Enhanced Mitochondrial DNA Repair Resuscitates Transplantable Lungs Donated After Circulatory Death

2020 
Abstract Background Transplantation of lungs procured after donation after circulatory death (DCD) is challenging because postmortem metabolic degradation may engender susceptibility to ischemia–reperfusion (IR) injury. Because oxidative mitochondrial DNA (mtDNA) damage has been linked to endothelial barrier disruption in other models of IR injury, here we used a fusion protein construct targeting the DNA repair 8-oxoguanine DNA glycosylase-1 (OGG1) to mitochondria (mtOGG1) to determine if enhanced repair of mtDNA damage attenuates endothelial barrier dysfunction after IR injury in a rat model of lung procurement after DCD. Materials and methods Lungs excised from donor rats 1 h after cardiac death were cold stored for 2 h after which they were perfused ex vivo in the absence and presence of mt-OGG1 or an inactive mt-OGG1 mutant. Lung endothelial barrier function and mtDNA integrity were determined during and at the end of perfusion, respectively.
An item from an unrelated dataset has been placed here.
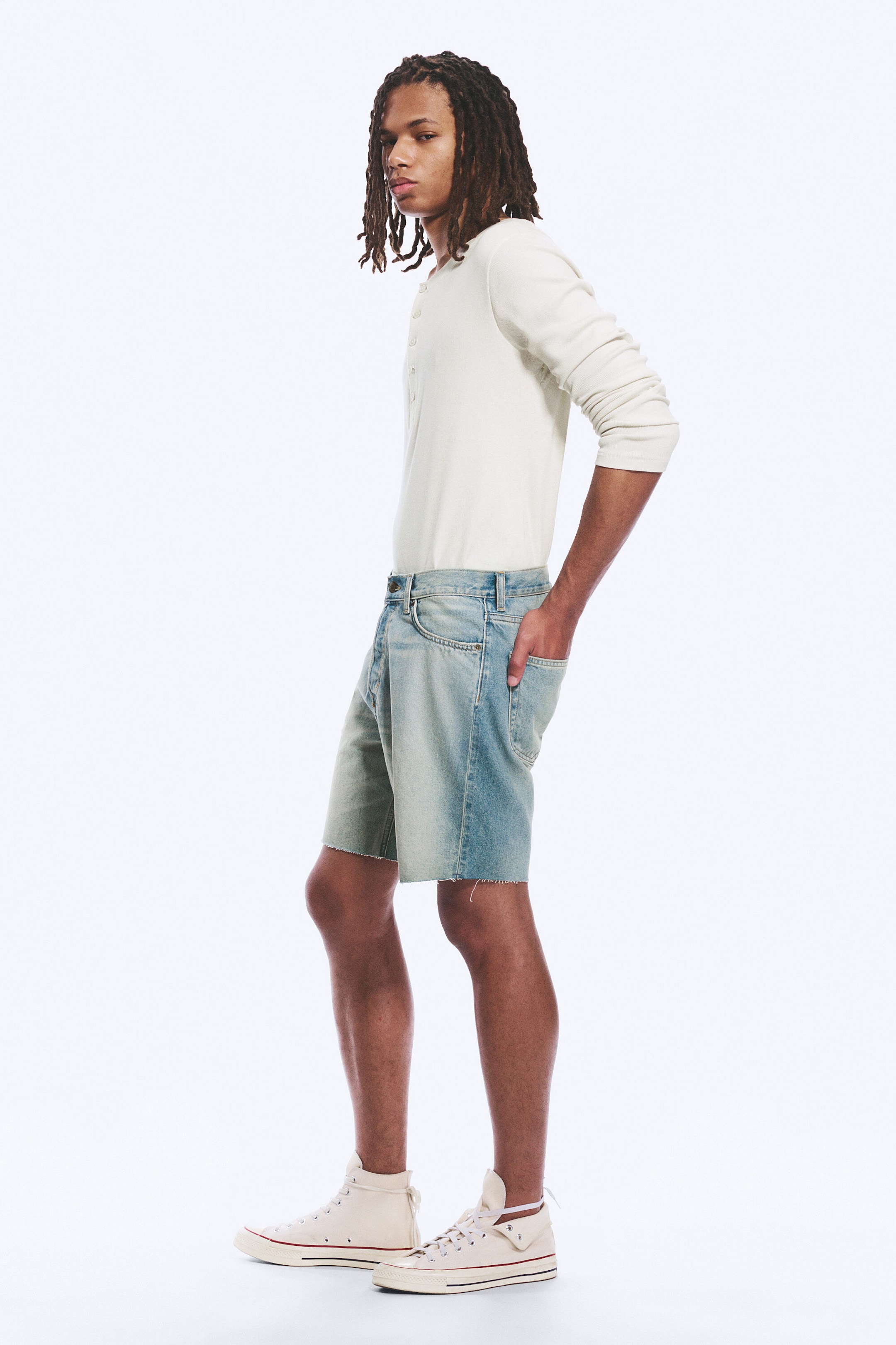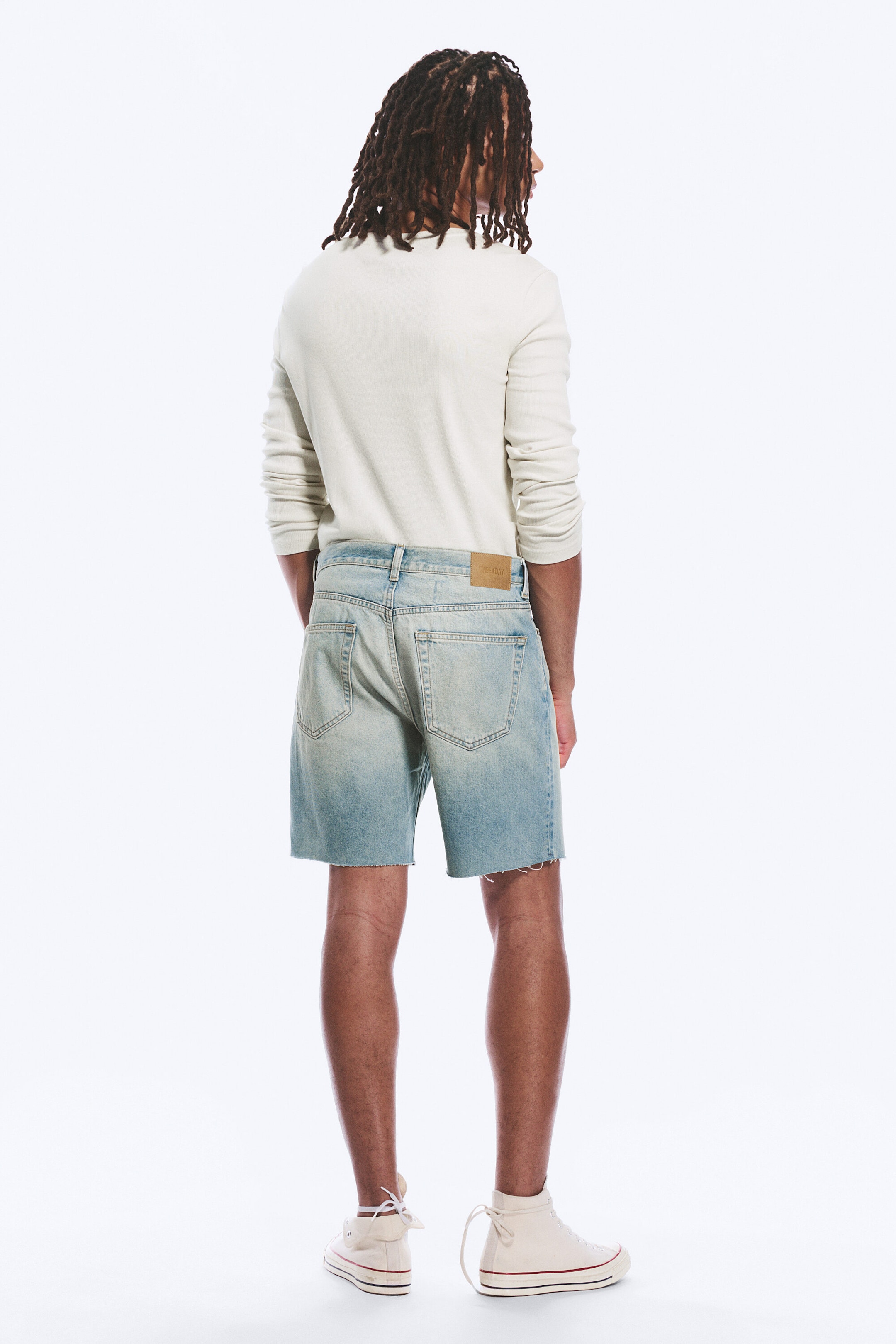 Et par semi-avslappede denimshorts med middels lengde, laget av stiv denim i organisk bomull med resirkulert bomull. Klassisk femlommersdesign og knappelukking. Lys blå vask med rå kantdetaljer.
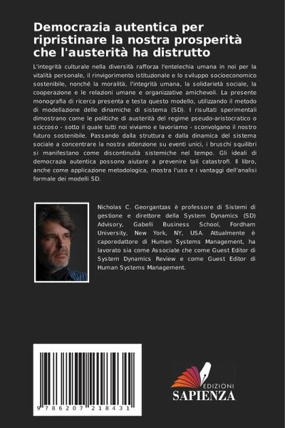 L'integrità culturale nella diversità rafforza l'entelechia umana in noi per la vitalità personale, il rinvigorimento istituzionale e lo sviluppo socioeconomico sostenibile, nonché la moralità, l'integrità umana, la solidarietà sociale, la cooperazione e le relazioni umane e organizzative amichevoli. La presente monografia di ricerca presenta e testa questo modello, utilizzando il metodo di modellazione delle dinamiche di sistema (SD). I risultati sperimentali dimostrano come le politiche di austerità del regime pseudo-aristocratico o sciccoso - sotto il quale tutti noi viviamo e lavoriamo - sconvolgano il nostro futuro sostenibile. Passando dalla struttura e dalla dinamica del sistema sociale a concentrare la nostra attenzione su eventi unici, i bruschi squilibri si manifestano come discontinuità sistemiche nel tempo. Gli ideali di democrazia autentica possono aiutare a prevenire tali catastrofi. Il libro, anche come applicazione metodologica, mostra l'uso e i vantaggi dell'analisi formale dei modelli SD.

Results and Conclusions Mitochondria-targeted OGG1 attenuated indices of lung endothelial dysfunction incurred after a 1h post-mortem period. Oxidative lung tissue mtDNA damage as well as accumulation of proinflammatory mtDNA fragments in lung perfusate, but not nuclear DNA fragments, also were reduced by mitochondria-targeted OGG1. A repair-deficient mt-OGG1 mutant failed to protect lungs from the adverse effects of DCD procurement. Conclusions These findings suggest that endothelial barrier dysfunction in lungs procured after DCD is driven by mtDNA damage and point to strategies to enhance mtDNA repair in concert with EVLP as a means of alleviating DCD-related lung IR injury.